那边,孙胜辉和刘秋云已经招呼了几个大男人,抬着孙胜利回屋。
剩下的一些村民还不愿离去,指着那间被八掉了大半的宅子议论起来。当然,议论得最多的是李玉篆。
“这是咋回来,这丫头可古怪了。”
“鬼丫头就是鬼丫头,所以才不怕鬼的。”那个碎嘴的婆子又说。
“赵翠花,你什么意思?”邓虹气得浑身抖。
“赵伯娘,你这话就不对了。”杨芝走上前,“依你们这话,这沾灵邪事的都是的鬼丫头,都是不详的?那人家那些先生啊神婆啊,都是不详之人吗?”
“那怎么一样,人家都会治鬼的。”赵翠花脸色有点不好。
“小篆今天没治鬼?”杨芝说着又望向那些村民:“大家就积点嘴德吧。小篆才不是鬼丫头,依我看,她是眼睛特干净,看到常人看不到的东西。也不是招灾,人家开口是为了提醒。就好像小时候葛二婆去了,她说葛二婆坐起来,是想告诉咱们葛二婆不愿去,要是咱们那时就请了先生来看,就不会出事了。后来这间宅子也是,这建宅的是六叔自己,选房梁,买房梁也是六叔自己,不关小篆事。后来小篆说这房梁上挂着个女人,明显是六叔买了根吊死过人的房梁而不自知。这是提醒,要是当年六叔重视起来,请先生,就不会出事。还有前两天的浩子……唉,也是不听劝。这次胜利听劝了,不就好了?”
杨芝一翻话,让周围的村民都静了下来。
杨芝又说:“黄先生说,小篆天份高,将来可是要当先生的。依我看,咱村要出个厉害先生,咱们以后遇事儿,可不用到别村请人罗。”
杨芝一翻话,说得周围的人暗暗点头。
有个老头说:“我早就说这丫头不是鬼丫头来着,人家这叫灵觉高而已。”
周围的人也赞同,其实他们大多跟老头的想法是一样的。但还是不太愿意让孩子跟李玉篆走得近,因为她敏锐,更容易沾上邪事儿,她又没本事儿,就怕自己身上的摆平不了反而沾到别人身上。

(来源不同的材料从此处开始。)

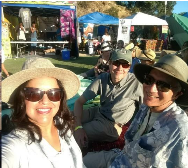
Reggae Concert in Topanga Canyon, CA

但经过这事,觉得李玉篆还是有几分本事的,或许他们村真的要出个先生了。
“大家回去,也管管自家孩子的嘴吧。”杨芝说。
鬼丫头鬼丫头的,也就是那些孩子这样叫,大人一般不会这样叫的。
众人听着,笑了笑就走了,也愿意回家管孩子的嘴了。
“胜辉家的,真是谢谢你。”邓虹很是感激。
“是我们谢你才对。”杨芝笑着说。又望向李玉篆,“说不定真能当个厉害先生。邓婶,你不知道,就黄先生这样的,请他还花了一千块钱呢,一个月下来,说不定就能赚万把块钱。小篆将来要能跟黄先生一样,一辈子也不用愁了。”
邓虹苦笑:“她才多大。”
“我先去看胜利了。”杨芝说。
邓虹拉着李玉篆回家,心里一时忧一时欢喜。
忧的是李玉篆这么一个女娃,当什么先生?喜的是,村里的人总算愿意管一管自家孩子了。
总是鬼丫头的叫,也不是事儿。
晚些儿,孙胜利被拉去了医院,据说是高烧了。
本来死了儿子,他就大受打击,又被吊死鬼趁虚而入,上身折腾了几天,运势安突下,阳火骤降,阴气入体,不病一场才怪。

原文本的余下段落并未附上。